The people at the Fort Lauderdale Triumph dealership sucked air through their teeth when I said I didn't want to "upgrade" the exhausts on my brand new motorcycle. To make them more noisy is what they meant by upgrading. In order to make modern motorcycles meet high European air pollution reduction standards manufacturers employ useful little tricks to clean the exhaust fumes. They add fresh air to the combustion chamber and put a catalytic converter in the exhaust system. They quieten the air intake with elaborate air filters so new owners tear it all out, add loud exhausts and gain a few horsepower. When I told the lads at the dealership I liked my Bonneville as is because I like to ride fast, they scratched their heads and wrote me off as eccentric. It's much easier to ride fast on the open road when the Old Bill can't hear you coming for a mile. Loud exhausts would be a real pain wandering the streets of Key West as narrow as they are, and at three am it would be hard to go roaring around town snapping pictures of the pretty, illuminated houses when the good burghers of the city are tucked up asleep. Bike Week generates tons of negative, anti- motorcycle comments in the paper. Some argue loud pipes might save lives, but I know they make residents crazy with irritation.

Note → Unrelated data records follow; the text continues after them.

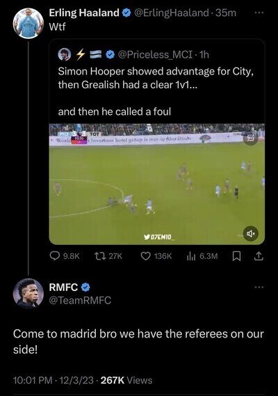 #3 #3 feybol dijo: #1 @kama Y, así como dato, el Madrid se ve obligado a fichar por marchas inesperadas como Varane o Casemiro, las cuales ya de pasó hacen que tanto en la 22/23 como en la 21/22 y en la 23/24 tiene 122 millones en negativo de los cuales 100 son de Bellingham, que visto lo visto sale barato.
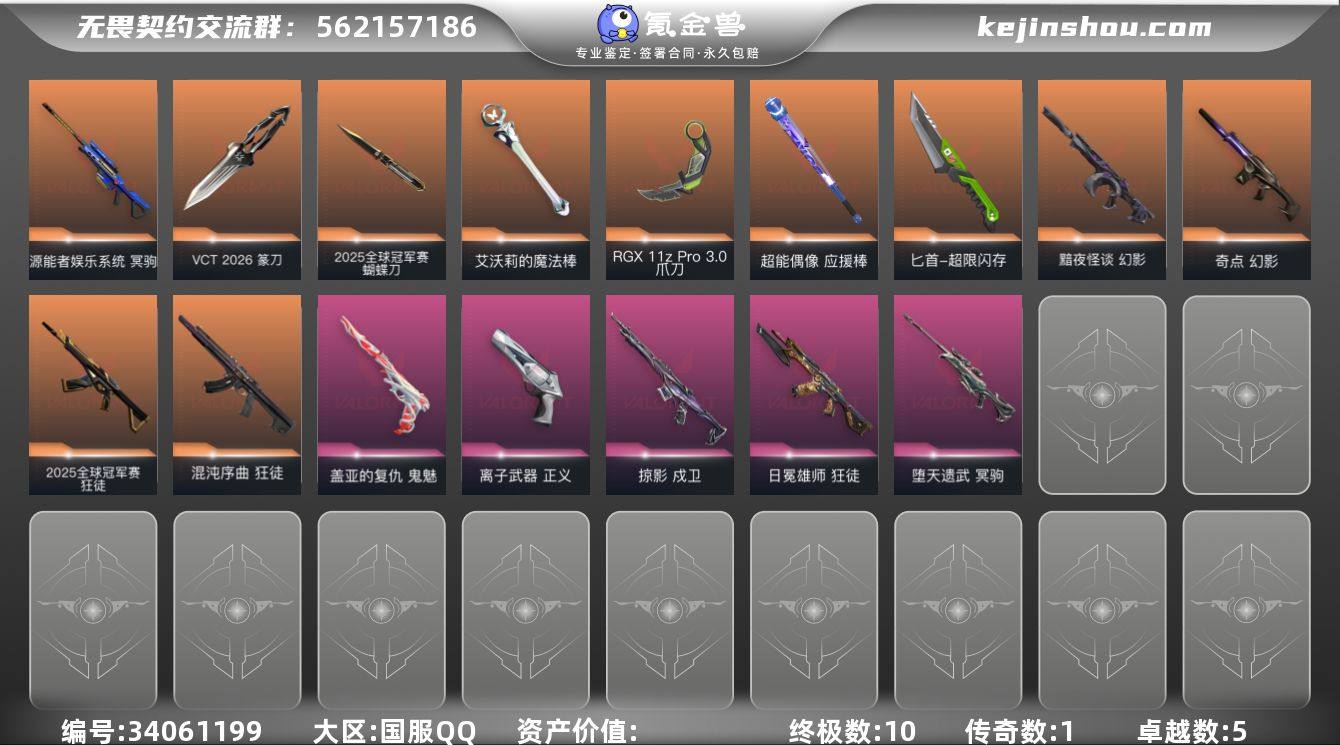 【套装】:2025全球冠军赛套装,VCT 2026 赛季套装 【英雄】:幻棱,炼狱,维斯,暮蝶,钛狐,壹决,铁臂,捷风,雷兹,幽影,不死鸟,贤者,猎枭,蝰蛇,零,芮娜,奇乐,尚勃勒,霓虹,斯凯,夜露,星礈,K/O,海神,盖可,黑梦,钢锁 【近战武器】:近战武器-2025全球冠军赛 蝴蝶刀,近战武器-VCT 2026 篆刀,近战武器-RGX 11z Pro//3.0 爪刀,近战武器-艾沃莉的魔法棒,近战武器-超能偶像 应援棒,近战武器-超限闪存 匕首 【狂徒】:狂徒-2025全球冠军赛,狂徒-混沌序曲,狂徒-日冕雄师,狂徒-超能偶像 【幻影】:幻影-黯夜怪谈,幻影-奇点,幻影-超限闪存,幻影-聚合之力 【戍卫】:戍卫-掠影,戍卫-超能偶像,戍卫-浮光跃金 【獠犬】:獠犬-采蜜小蜂队,獠犬-模拟赫兹 【冥驹】:冥驹-源能者娱乐系统,冥驹-堕天遗武,冥驹-模拟赫兹 【飞将】:飞将-聚合之力 【莽侠】:莽侠-超限闪存 【战神】:战神-采蜜小蜂队,战神-浮光跃金 【判官】:判官-超能偶像,判官-采蜜小蜂队 【雄鹿】:雄鹿-模拟赫兹 【骇灵】:骇灵-浮光跃金 【蜂刺】:蜂刺-超限闪存,蜂刺-聚合之力 【标配】:标配-超能偶像,标配-浮光跃金 【正义】:正义-离子武器,正义-超限闪存,正义-纳米打击 【...
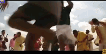 Actor Karthi performs a lively dance from the movie 'Chitapu' with a group of people in a vibrant Tamil celebration.
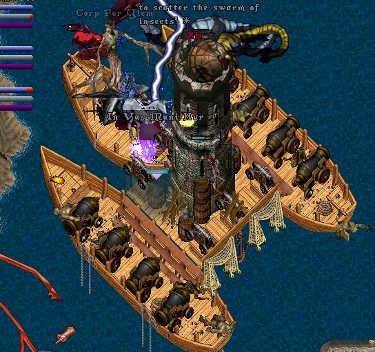 オーク船とかの砲撃を受けまくったりしてると沈没させられるって話でそれが今まさにこの状態。

I never thought of myself as a night owl but I love taking off on my lunch breaks and wandering the city when no one else is around. My colleagues like to take their breaks earlier, Noel goes home to play video games with Matt and Diggy roars off on his Honda and rarely tells what he does. I leave for lunch hours later and the streets of the city are mine, all tourists have either already staggered home or are still wobbling on Duval Street sucking down one last cold one before vomiting in a nearby flower bed to give their vacations the proper flavor. Deserted is how I like William Street:
I don't like to use a flash for night shots, partly because the flash isn't much goodon my little pocket camera and partly because I like the warmth of the sepia tint that shades the natural night tones. Plus I can't be bothered to carry a tripod which laziness forces me to get imaginative on how to prop my camera. At three in the morning I can park the Bonneville in the middle of the street and use that to act as a support for the camera:
This next picture I got by balancing the camera on the branch of a convenient tree. One can poke around in the lower braches of a tree at three in the morning without attracting critical comment. I love the look of these porches, even if sometimes they appear too formal to actually sit in:
The streets of Key West aren't overly endowed with street lights fortunately, and there are lots of trees overhanging, all of which adds to the ambiance of the middle of the night. That and the fact that everyone feels the need to illuminate their homes like Christmas trees.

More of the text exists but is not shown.